The decline in terrorist attacks in Kashmir is no greater so far this year
than in previous winters. There are indications that fewer of them are
fidayeen attacks but the change is not sufficiently marked for India to
draw any firm conclusions from it. India will therefore have to wait till
April to determine whether terrorism has indeed declined.
This is the main reason why New
Delhi is insisting on the extradition of 14 Indian nationals accused of
terrorist acts, who have been given shelter by Pakistan. If Pakistan were
to comply, this would give New Delhi the signal it is looking for. But
Musharraf has only said that he will examine the case for doing so. In
the meantime, Pakistani newspapers have reported that some, if not all
of the 14, have been sent out of Pakistan to Saudi Arabia and other destinations.
Unlike the US, New Delhi suspects
doublespeak in virtually everything Musharraf says and does. Musharraf
froze the accounts of three organisations declared terrorist by the US,
the Jaish-e-Mohammad (JeM), the LeT and the Harkat-ul-Mujahideen, well
before January 12. But the Pakistani paper, The News, reported on January
1 that two of these contained only $70 and $14. Bin Laden's own account,
maintained by Ayman al Zawahiri, contained only $252.
Musharraf has banned the LeT and
the JeM and placed their leaders under house arrest. But he has spared
the Harkat-ul-Mujahideen and Al Badr Mujahideen, which have in recent months
confined their terrorism to J&K.
Delhi's scepticism has been reinforced
by the fact that the Pakistani government has banned the LeT and the JeM
only in Pakistan proper and not in the parts of former Kashmir under its
control. Even within Pakistan, the police has only closed down the regional
and subordinate offices of the two organisations and not their headquarters
in Lahore and Karachi. All this has reinforced the suspicion that Musharraf's
main purpose is to herd the jehadis into Pakistan-occupied Kashmir (PoK)
and allow them to operate against India from there.
This had been Musharraf's idea even
pre-September 11. He had been urging the JeM and LeT to move their HQ to
Kashmir for over a year. In July, the government arrested several JeM and
LeT men in Sindh and extracted a promise to move to Kashmir before releasing
them.
Preparations for the shift had been
far advanced even in 'Azad' Kashmir, when the terrorists struck the US.
In June last year, the president of the Muzaffarabad-based Kashmir Muslim
Conference, Sardar Qayoom Khan, was forced to withdraw his candidacy for
the presidential elections in PoK. His place was taken by Maj Gen Anwar
Khan, who took premature retirement from the army in order to fight the
elections. Anwar Khan used to be a deputy director of Pakistan's Inter-Services
Intelligence Directorate and is a cousin of Gen Muhammad Aziz, Musharraf's
former chief of staff, with whom he supposedly fell out in September 2000.

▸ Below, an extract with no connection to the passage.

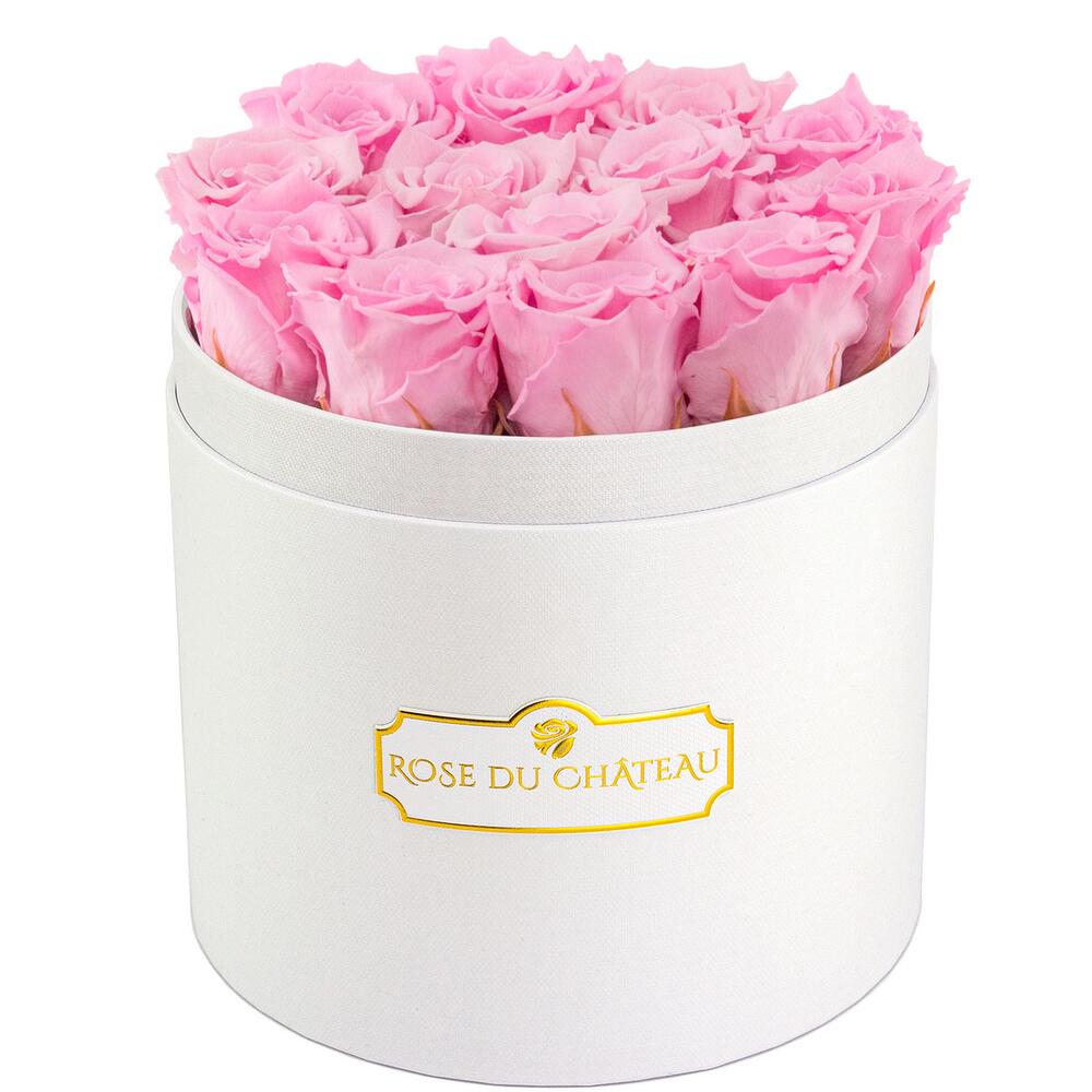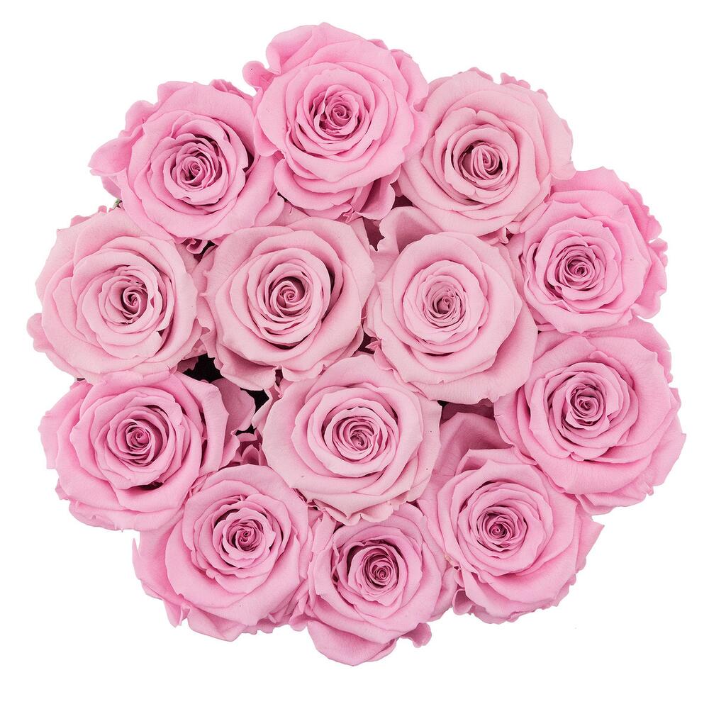 Les roses éternelles sont des fleurs vivantes qui conservent leur couleur et leur forme pendant au moins 2 ans. Vous pouvez être sûr que cet ensemble élégant éblouira nettement plus longtemps qu'un bouquet traditionnel. Si vous aimez les couleurs délicates et pastel, cet ensemble est fait pour vous. Il éblouit par sa délicatesse et confère un caractère exceptionnel à l'endroit où il se trouve. La couleur rose de la fleur signifie la sympathie, le dévouement, l'amitié. Nombre de roses : environ 13 Diamètre de la boîte : Ø 20 cm

Aziz was transferred as corps commander to Lahore. Not too many people
know that this supposedly peace-time command was the nervecentre of the
ISI's activities in Kashmir and Afghanistan.

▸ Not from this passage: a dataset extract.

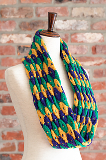 A festive accessory for Mardi Gras in 3 yarn weights.
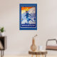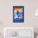 Beautiful vintage travel poster advertising the resort of Chamonix in Switzerland. It shows young people skating with Mont Blanc in the background and is toned in beautiful shades of blue.

Musharraf's attempt to link withdrawal
of troops from the frontline to a comprehensive dialogue on Kashmir has
further reinforced Delhi's belief that he is only biding his time. By April,
when the snows melt and the passes open, he hopes to have convinced the
West through repeated offers of a dialogue that it is India that is being
totally unreasonable. Thus who can blame 'Kashmiris' if they take up the
gun again?
Although Bush and Tony Blair have
sworn till they are blue in the face that they make no distinction between
terrorism to the west and terrorism to the east of Peshawar, the fact is
that in praising Musharraf and, through their silences, criticising India,
they are doing precisely that. The more they do this the more do they increase
the chance of armed conflict. The threat of war that India unsheathed in
December is the last weapon in its diplomatic armoury. If it fails, there
will be left only the ultimatum and finally war itself. The more uncritical
the West becomes in its support of Musharraf, the more will it encourage
him to travel down the path he was already upon before December 11.